А потом голоса мужчин и женщин зазвучали и слились в хор, повторяя одни и те же слова: «Эрец Исраэль! Эрец Исраэль!» Даже итальянские матросы замерли. Они тоже смотрели на берег.

Волны искрились на солнце. Паруса казались еще белее. Впервые появились и закружили вокруг корабля птицы. Их крики гулко звучали в морской тиши, над голосами людей и урчанием мотора, над пением Билли Холидэй. Все умолкли, чтобы послушать их. Эстер вспомнилась черная птица, что летела через горы, та птица, которую когда-то показал ей отец. Сегодня они тоже долетят еще до наступления ночи. И сядут на берег, свободные птицы.

К трапу полуюта шел ребе Йоэль. Он тщательно расчесал бороду и волосы, его черный костюм блестел на солнце, как рыцарские доспехи. Усталость и тревога были написаны на его лице, но от него исходила сила, а глаза сияли — такими же они были, когда он читал книгу Берешит в тюрьме, во Франции. Он шел сквозь толпу, здороваясь с каждым, словно вернулся после долгой разлуки. Несмотря на усталое лицо, он, высокий и худой, казался сейчас юношей.

Остановившись у трапа, он открыл книгу. Люди повернулись к нему и больше не глядели на берег, все отчетливее проступавший впереди. Капитан Фрулло тоже вышел на палубу, матросы выключили радио. И в тишине взмыл над морем голос Йоэля. Он медленно читал слова на странном и нежном языке, на том языке, на котором говорили Адам и Ева в раю, на котором говорил Моисей в Синайской пустыне. Эстер не понимала, но слова проникали в нее, как уже бывало прежде, сливались с ее дыханием. Слова сияли над синим-синим морем, озаряли корабль снизу доверху, даже там, где он был грязен и потрепан долгим путем, даже пятна на палубе и дыры в парусах.
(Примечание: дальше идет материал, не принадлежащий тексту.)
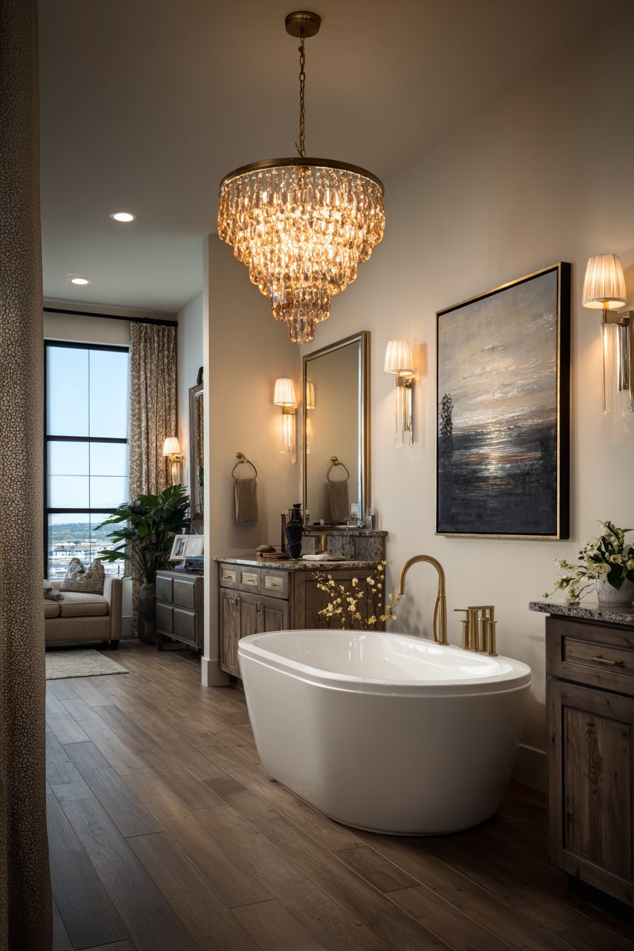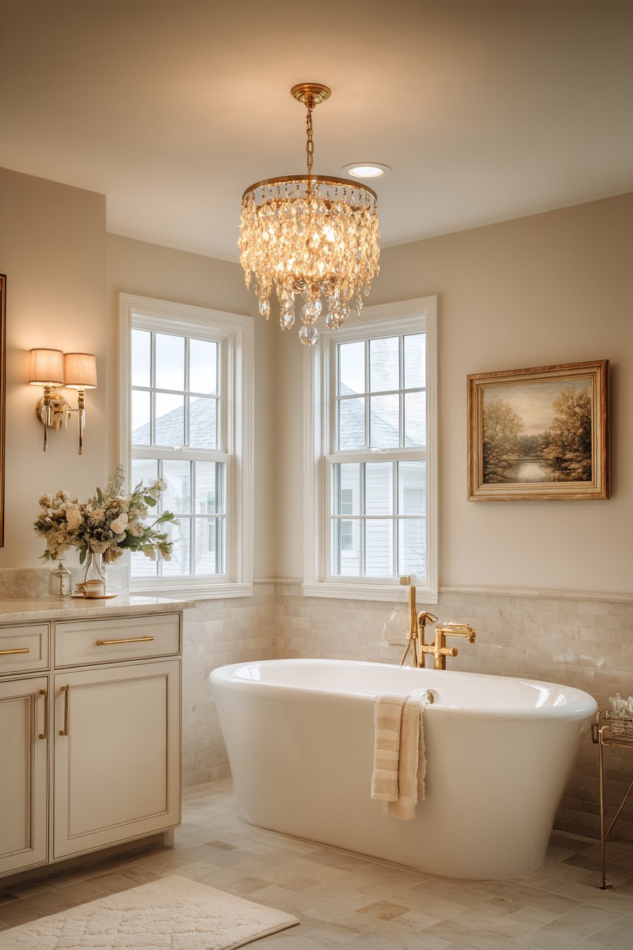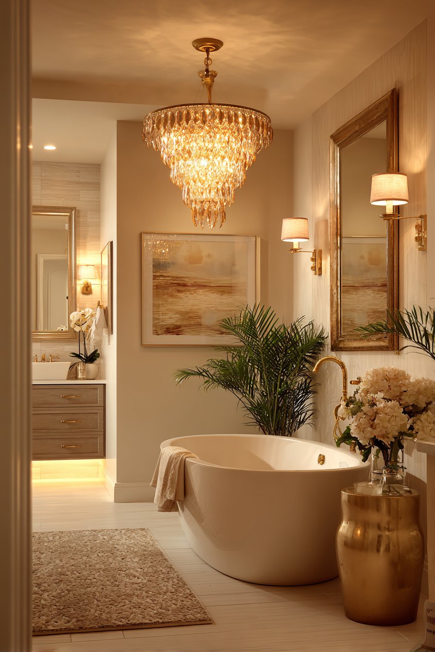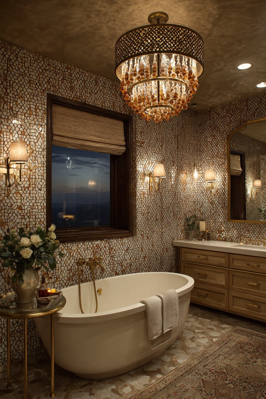Lighting makes or breaks bathroom design, and this scheme demonstrates how multiple light sources at different levels can create a truly luxurious atmosphere. The statement chandelier with amber crystal droplets and brass frame above the freestanding tub serves as jewelry for the room, its ornate beauty creating a focal point that elevates the space from purely functional to genuinely special. The amber crystals filter and warm the light, casting golden reflections throughout the space that dance and shimmer when the crystals catch air currents.

И каждое лицо озаряли они. Женщины в черном, молодые девушки в цветастых косынках, мужчины, малые дети — все слушали. После каждого слова книги Йоэль делал паузу, и слышались скрежет винта и стук мотора. Слова книги были прекрасны, как море, они несли корабль вперед, к туманной линии, к берегам Эрец Исраэля.

Сидя на ступеньках трапа, Эстер слушала голос ребе и смотрела на приближающийся берег. Она знала, что эти слова останутся навсегда. Это были те же слова, которые ребе Йоэль толковал в тюрьме, слова о добре и зле, о свете и справедливости, о приходе человека в мир. А сегодня — это оно и было, начало. Море казалось новым. Над волнами встала земля, солнечный свет воссиял впервые, и птицы летели в небе над кораблем, указывая путь к берегу, где они родились.

Потом все произошло очень быстро, как во сне. «Сетте фрателли» бросил якорь перед большим пляжем, за которым возвышалась цепь темно-зеленых гор. К кораблю подплыли шлюпки и стали перевозить людей маленькими группами. Когда пришла очередь Элизабет и Эстер, девушка увидела тех, кто уже ждал на пляже, узлы и чемоданы, женщин, прижимавших к себе маленьких детей. Ей вдруг стало страшно. Она вернулась на свое место у трапа полуюта, как будто хотела остаться на корабле, снова отплыть, продлить путешествие. Элизабет ждала ее, и Жак Берже махал ей рукой, но она все стояла, вцепившись обеими руками в перила трапа. Наконец Элизабет сама подошла к ней, за руку отвела к лееру, и они спустились в шлюпку.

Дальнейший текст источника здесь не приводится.